The HUB Table consists of a broad range of trained individuals, all of whom represent a “spoke” of Island resources. It includes employees from Martha’s Vineyard Community Services, Island Health Care, and M.V. Hospital. Each meeting is also made up of recovery coaches, SUD and mental health counselors, clinicians, housing agencies, and Island Food Pantry representatives, Vineyard House employees, spiritual leaders, and typically one or two law enforcement officials.
Edgartown Police Chief Bruce McNamee, who has worked closely with Morris on bringing this model to the Island, says addressing crises related to substance use beforehand is essential. McNamee is aware of the skepticism and reluctance many feel when confronted by police, especially when in a vulnerable position. Similar to Morris’ mantra of “treatment, not punishment,” Chief McNamee stresses the distinction between what the police are very much needed for, and when other professionals, such as SUD counselors and mental health clinicians, are needed.
Referring to HUB Table situations, McNamee is clear with that distinction. “We’re not there looking for informants. We’re not there trying to develop criminal intelligence on the Island; it’s truly to put someone who needs a service and marry them up with a person whose job is to provide it.”
This underscores the focus of the HUB mission: communication among various agencies, in order to provide services that may otherwise be unavailable or feel unattainable.
“The Island police here are big advocates of the HUB. We’re all looking to see this [program] address people before they’re in an acute crisis,” said McNamee. “It has all the mechanisms in place.”
The program works as a “four-filtered process,” with the protected health information (PHI) of at-risk individuals remaining completely anonymous until a decision is made whether to move forward with their case.
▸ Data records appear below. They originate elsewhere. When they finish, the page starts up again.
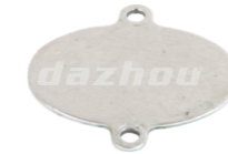
名称: 盖 CAP NO:TH023
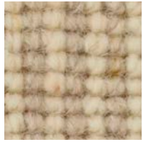
hellbeige mittelbeige 4143
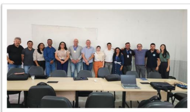
Foto 25. Equipe gestora, 2024.
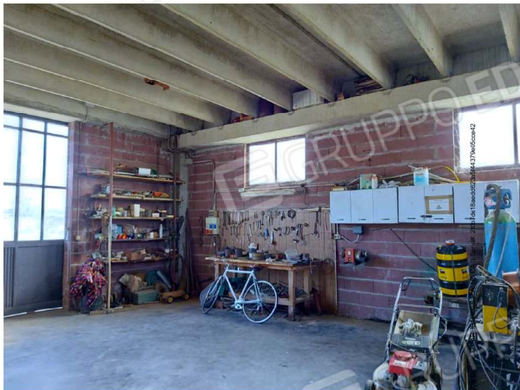
Interno del locale deposito chiuso con portone di ferro
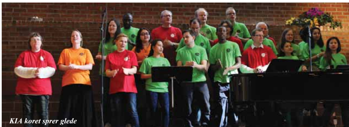
KIA koret sprer glede
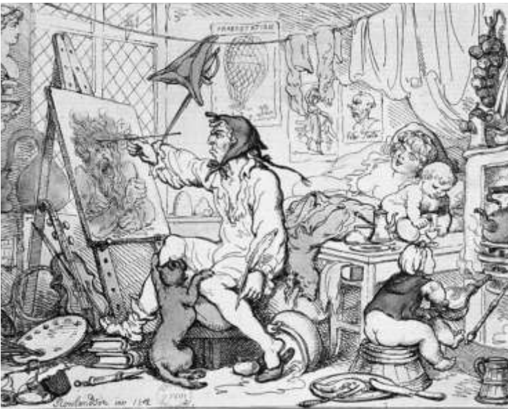
Thomas Rowlandson: The Chamber of Genius

ligere års erfaringer, men vær åpen for at ting kan endre seg. Nystartede foreninger bør rådføre seg med flere andre foreninger, RBR kan bistå med å formidle kontakt. I utgangspunktet bør man spre innkjøpene så mye som mulig så lenge man handler med seriøse gallerier. På denne måten sikrer man større variasjon og man unngår det tidligere nevnte presset ved å måtte handle mye på en gang. Så kommer vi til et spørsmål som har vært diskutert siden den første bedriftskunstforeningen ble dannet, skal man handle hos gallerier eller direkte fra kunstnerne. Svaret er i grunnen gitt av kunstnerne selv i det de fleste av dem ønsker seg livskraftige gallerier som kan formidle deres kunst på en profesjonell måte ved tilstedeværelse i sentrale strøk hvor de fleste kundene er. I et galleri kan du fritt velge hvilke kunstnere du vil kjøpe av, har du gjort en avtale med en kunstner så skal du være tøff om du går derfra uten å ha kjøpt noe. Det er nok kjøpepress om du ikke skal skape det selv.
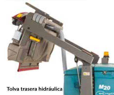
Tolva trasera hidráulica
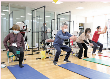
健幸運動教室Ni-Coの実施
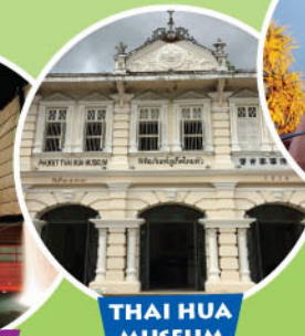
THAI HUA MUSEUM
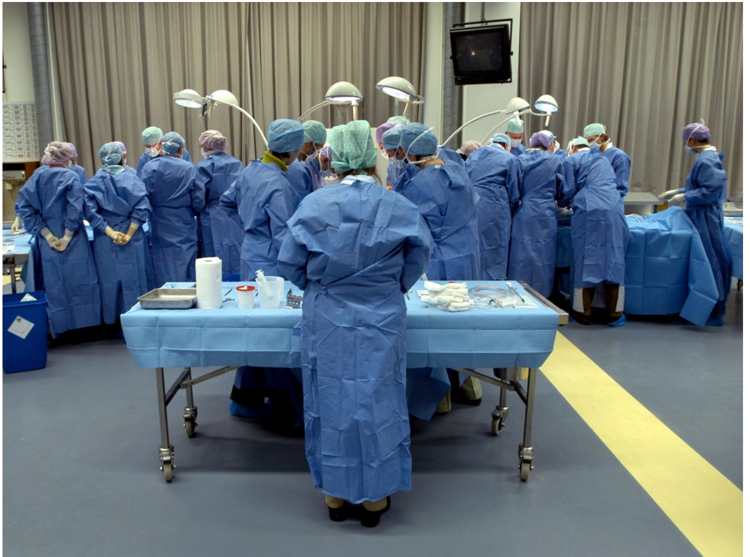
Chirurgen oefenen om een multiorgaantransplantatie uit te voeren.

In Nederland zijn tussen 2012 en 2017 46 keer organen getransplanteerd na euthanasie. In België gebeurde dat 35 keer tussen 2005 en

At that point, only the three or four individuals chosen to work the case learn the identity of the individual, and immediately begin to mobilize for same-day intervention.
Allie Hunter, former executive director of PAARI (Police Assisted Addiction and Recovery Institute), has been familiar with the protocols and structure of HUB for years. Hunter works among the Martha’s Vineyard HUB Table members in an advisory role, ensuring “fidelity to the model,” and using her vast knowledge to support Morris and his team.
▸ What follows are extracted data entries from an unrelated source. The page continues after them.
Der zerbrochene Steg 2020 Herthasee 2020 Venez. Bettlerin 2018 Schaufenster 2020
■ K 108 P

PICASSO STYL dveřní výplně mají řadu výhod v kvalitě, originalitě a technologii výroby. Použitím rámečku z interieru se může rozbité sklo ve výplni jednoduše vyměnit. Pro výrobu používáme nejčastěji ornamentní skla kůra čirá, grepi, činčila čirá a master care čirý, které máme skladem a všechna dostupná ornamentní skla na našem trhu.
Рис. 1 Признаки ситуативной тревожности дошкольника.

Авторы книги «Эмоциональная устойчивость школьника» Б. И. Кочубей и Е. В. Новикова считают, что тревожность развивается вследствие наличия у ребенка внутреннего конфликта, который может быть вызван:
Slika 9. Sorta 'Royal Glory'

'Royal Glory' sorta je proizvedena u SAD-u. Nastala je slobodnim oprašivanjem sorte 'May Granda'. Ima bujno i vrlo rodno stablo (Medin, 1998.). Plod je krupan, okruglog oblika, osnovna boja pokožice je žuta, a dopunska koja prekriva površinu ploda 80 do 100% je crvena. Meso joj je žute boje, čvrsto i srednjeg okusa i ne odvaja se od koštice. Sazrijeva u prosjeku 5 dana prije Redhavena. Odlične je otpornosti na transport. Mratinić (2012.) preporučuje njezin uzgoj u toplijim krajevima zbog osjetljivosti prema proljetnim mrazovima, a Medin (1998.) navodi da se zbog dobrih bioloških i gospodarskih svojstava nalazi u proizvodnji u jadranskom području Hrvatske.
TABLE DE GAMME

“Typically, all the different providers are in their silos,” Hunter said. “And they don’t have a way to communicate. Most of what they do tends to be reactive. [HUB] provided a way for groups to speak to each other, to be a bit more proactive in the ways they serve individuals.”
In the short time the HUB Table has been operative on the Island, Hunter said, the percentage of individuals’ cases that have been “successfully resolved by connecting that individual to services and reducing risk” far exceeds that of almost any other existing HUB.
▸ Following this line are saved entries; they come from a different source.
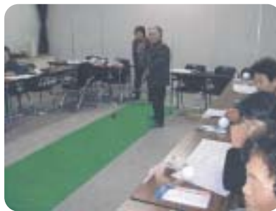
介護者による交流会
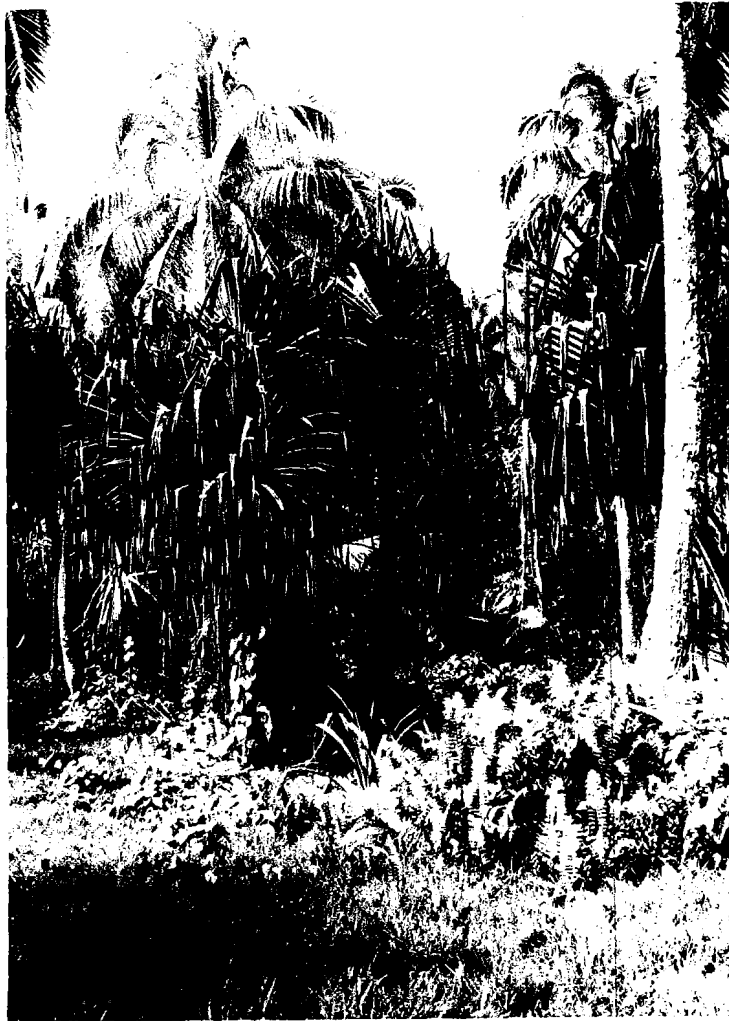
Fig. 3 Intérieur de la cocoteraie avec Pandanus , Ipomoea macrantha et fougères ( Nephrolepis sp.) en sous-bois.
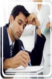
Resim 2.1: Risk

Aracınızla giderken, yolda yürürken, otobüsten inerken, evinizde temizlik yaparken ya da bir merdivende, asansörde, hiç beklemediğiniz birçok yerde talihsiz bir kaza gelip sizi bulabilir.
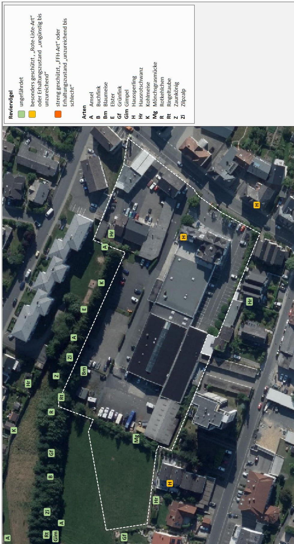
Abb.2: Reviervogelarten im Planungsraum 2017 (Bildquelle: Hessisches Ministerium für Umwelt, Klimaschutz, Landwirtschaft und Verbraucherschutz, aus natureg-hessen.de, 01/2019).
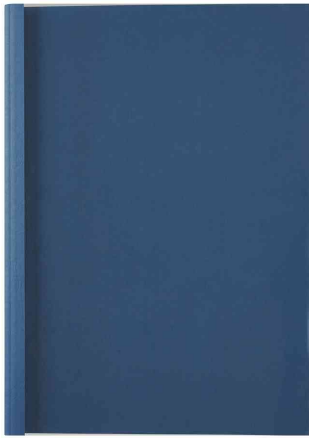
Thermo-Bindemappe ThermoBind Business Line Lederstruktur, dunkelblau
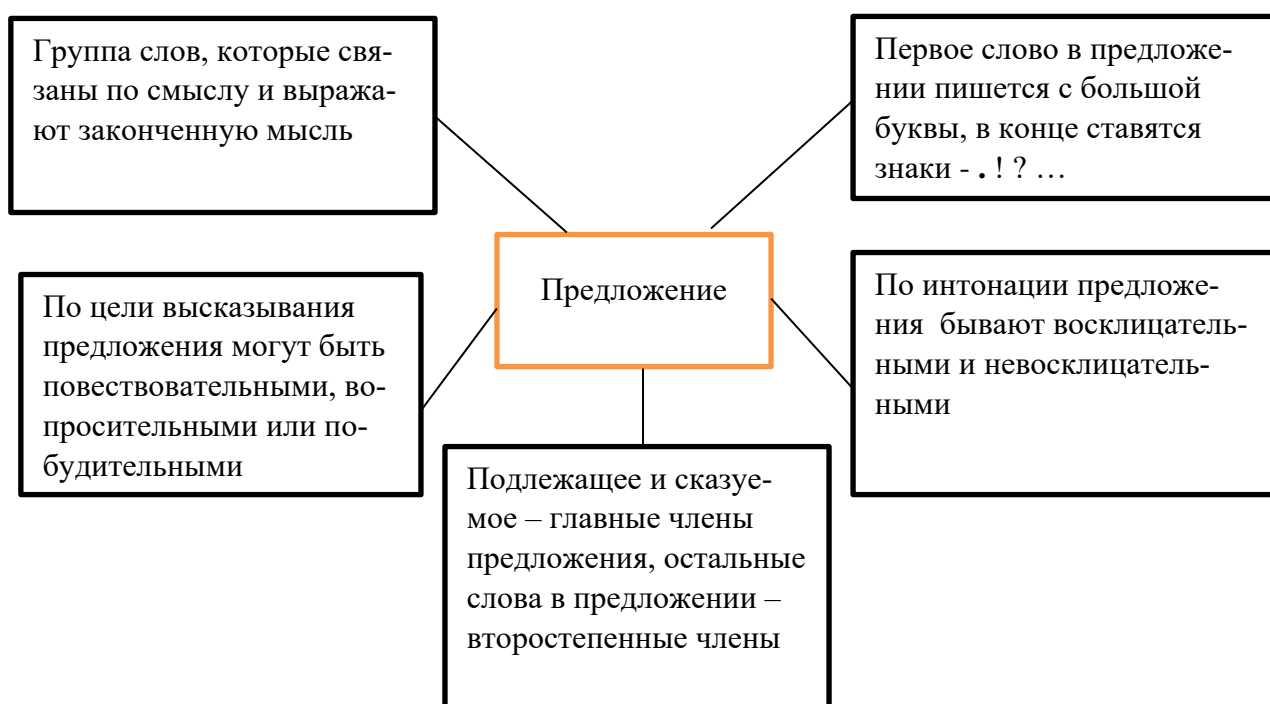
Рис. 3. Методическое обоснование результатов фрагмента 3

4) составление кластера по итогам групповой работы.
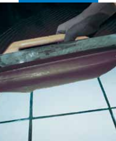
Stesura con spatola metallica di Ultraplan su pavimento esistente in ceramica previa applicazione di Mapeprim SP
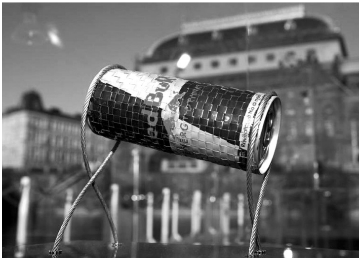
Vítězná plechovka Double Bull.
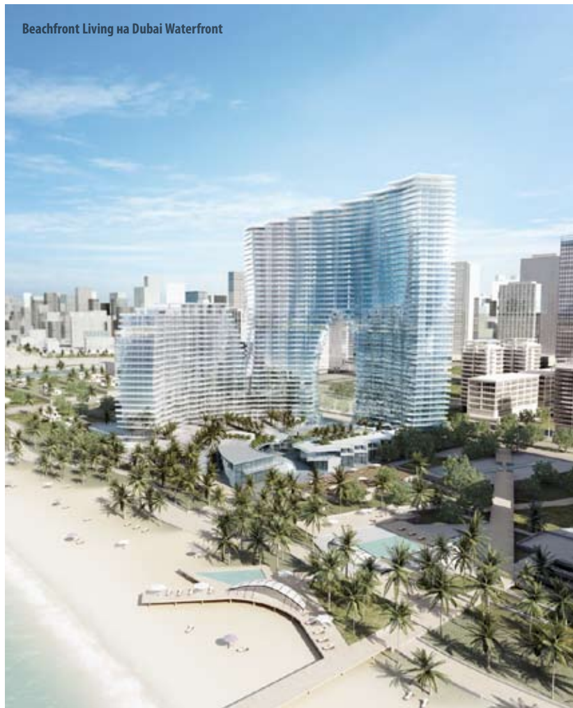
Beachfront Living на Dubai Waterfront

►► Вид из окон с северо-востока и до запада – на остров Palm Jebel Ali и открытое море. Так, у покупателей будет возможность приобрести квартиру с панорамным видом на море и закат с одной стороны, и на рукотворный остров Palm Jebel Ali – с другой.
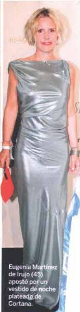
Eugenia Martínez de Irujo (45) apostó por un vestido de noche plateado de Cortana.
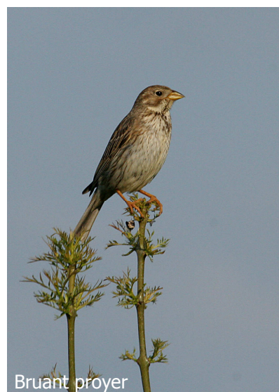
Bruant proyer

Pays de Beauce : www.paysdebeauce.com Pays Dunois : www.pays-dunois.fr Portail Natura 2000 : www.natura2000.fr/
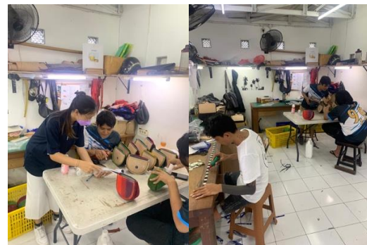
Gambar 4. Pendampingan dan pelaksanaan terkait SOP produksi dan quality control

Setelah melihat dan mengawasi penerapan yang telah dilakukan oleh mitra, tim pelaksana melakukan evaluasi. Evaluasi dilakukan mulai tanggal 5 September 2022 s/d 10 September 2022 yaitu setelah kegiatan pengabdian terlaksana. Pamflet himbauan protokol kesehatan telah dipasang dan karyawan mampu menerapkan protokol kesehatan tersebut, Standar Operasional Prosedur (SOP) produksi dan quality control telah selesai di buat dan karyawan sudah mampu menerapkan SOP tersebut. Tujuannya untuk mengetahui sejauh mana ketercapaian kegiatan pengabdian yang telah dilakukan pada PT. Close2 The Sun.
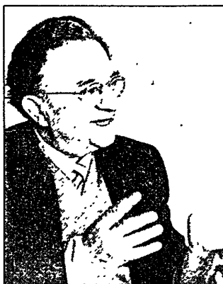
ERICH FROMM

zum Psychoanalytiker ausbilden. Nachdem er 1934 in die USA emigrieren musste, veröffentlichte er dort 1941 das Buch „Die Furcht vor der Freiheit“, das wegen seiner Analyse des Nazismus und des autoritären
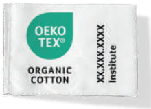
100 % Organic cotton

“There’s been a lot of things that have set the program up for success,” Hunter said, emphasizing Morris and McNamee’s leadership, along with HUB Table members from different agencies. “All of these groups are really working hard in the best interest of Martha’s Vineyard residents, and this gives them a new and successful way to do that.”
Morris has yet to run a HUB Table during the summer, since the inception of the model on the Island was just before the beginning of the COVID-19 pandemic, forcing the program to take a temporary backseat. Primarily taking place remotely, the program began picking up momentum, with hopes to return to in-person meetings by summer.
“We have a very unique problem here. It intensifies as the weather gets warmer,” said Morris. “This is a resort Island, there’s no getting around that. A lot of people come here to party. A lot of people know how to do it responsibly; some don’t. I never did. That’s going to be the test of whether we are scalable.”
The program is there “to open the door for someone” said Morris, as he knocked on wood. “They just have to walk through it.”
With the emphasis on urgency and absolute anonymity, the HUB program is directly available to anyone who needs it.